> **Exercise description**: The stretch wanted below opens at the line containing "3D立体新款马年红包创意折叠新利是封包过年压岁包2026红包" and closes at the line containing "然后打开电脑端的Qfinde". Please return it exactly, with no other lines.

> **Recorded data**:
•••••
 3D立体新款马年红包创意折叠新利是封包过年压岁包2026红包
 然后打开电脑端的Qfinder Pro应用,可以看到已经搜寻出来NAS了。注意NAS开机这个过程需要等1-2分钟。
•••••
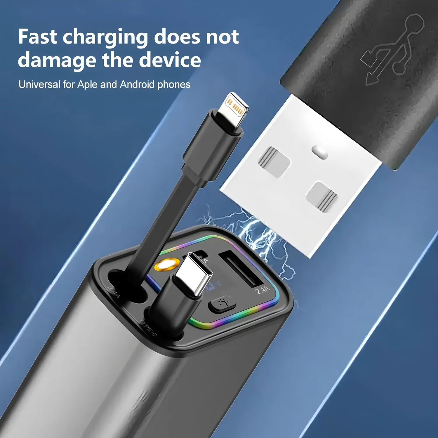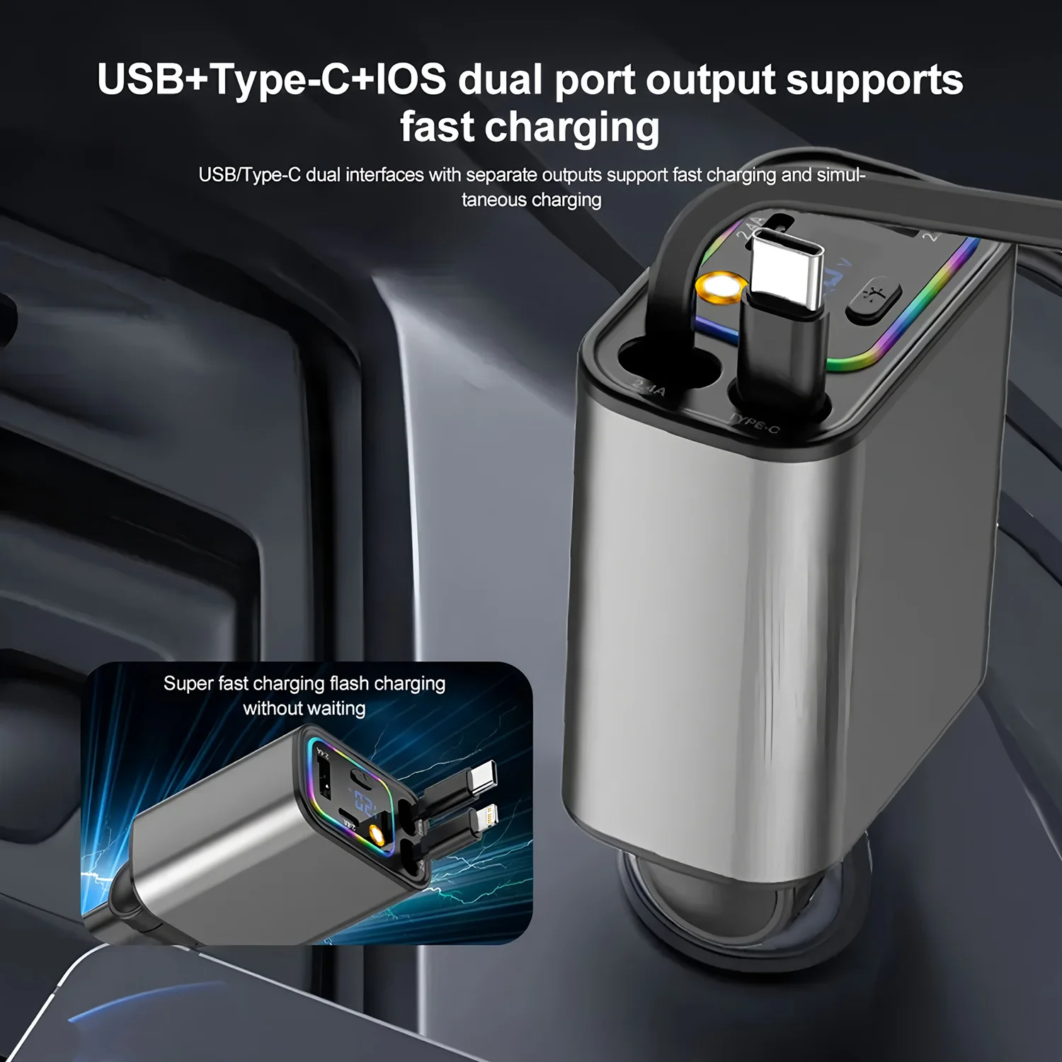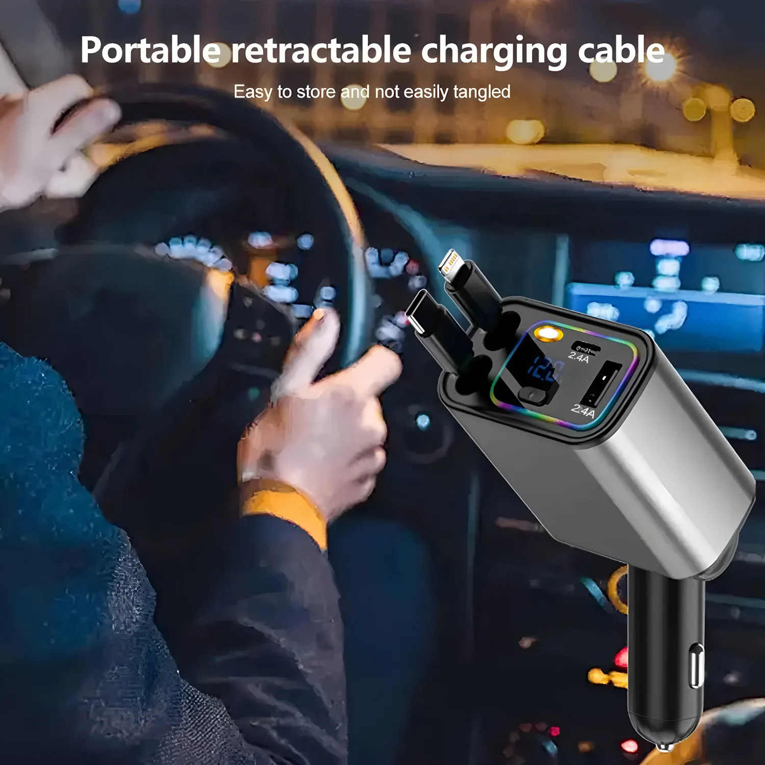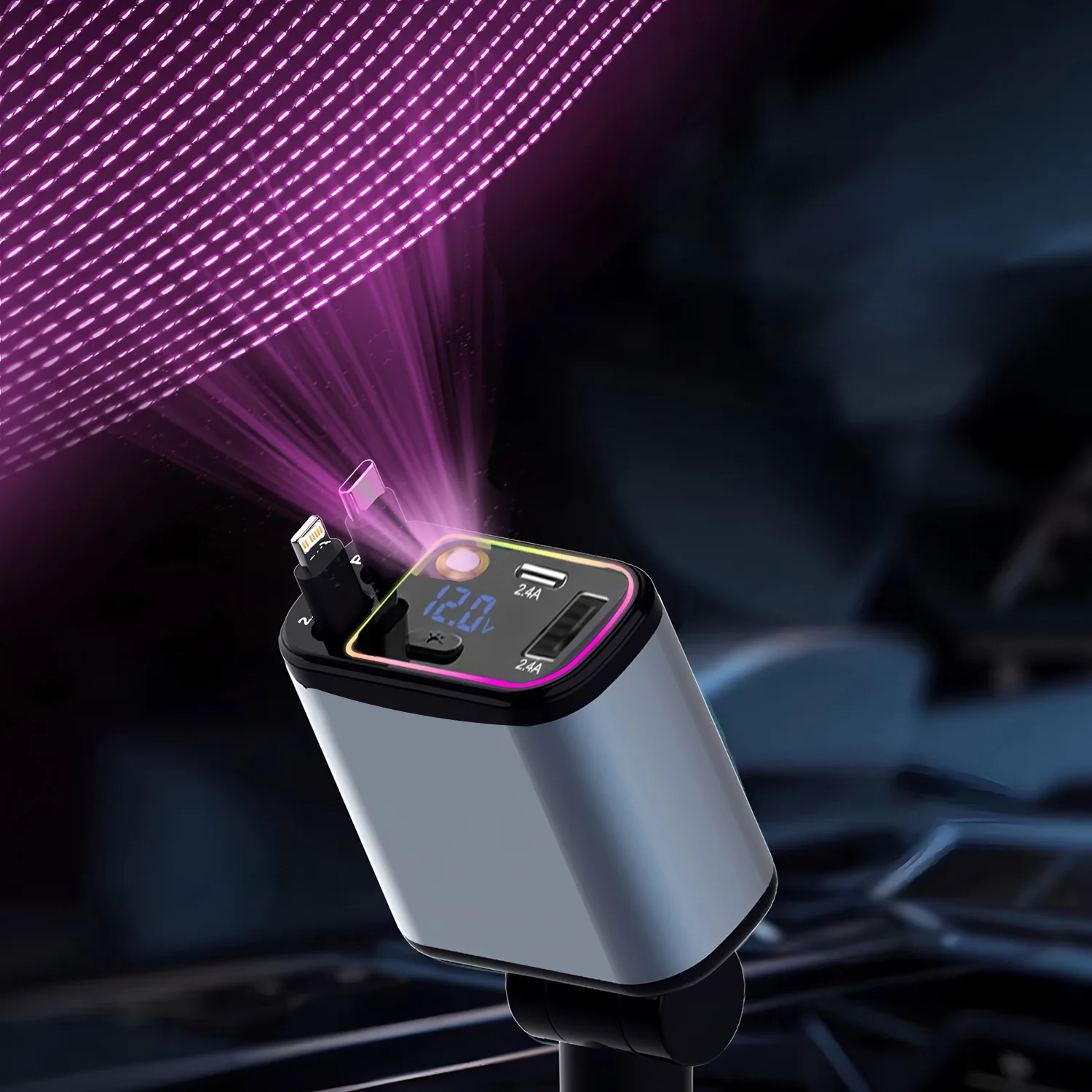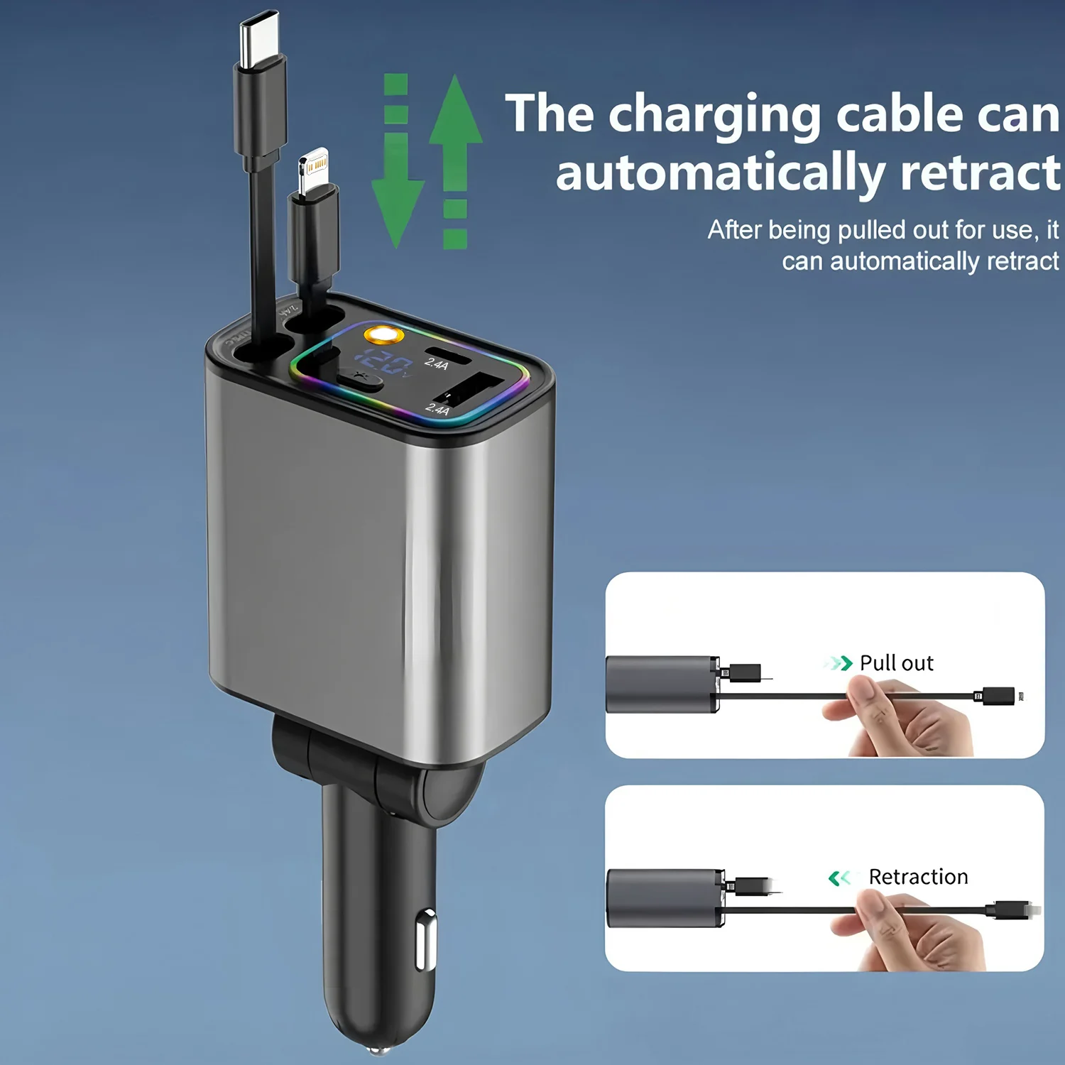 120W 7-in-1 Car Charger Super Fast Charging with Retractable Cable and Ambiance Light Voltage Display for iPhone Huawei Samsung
•••••
> **Result**:
 3D立体新款马年红包创意折叠新利是封包过年压岁包2026红包
 然后打开电脑端的Qfinder Pro应用,可以看到已经搜寻出来NAS了。注意NAS开机这个过程需要等1-2分钟。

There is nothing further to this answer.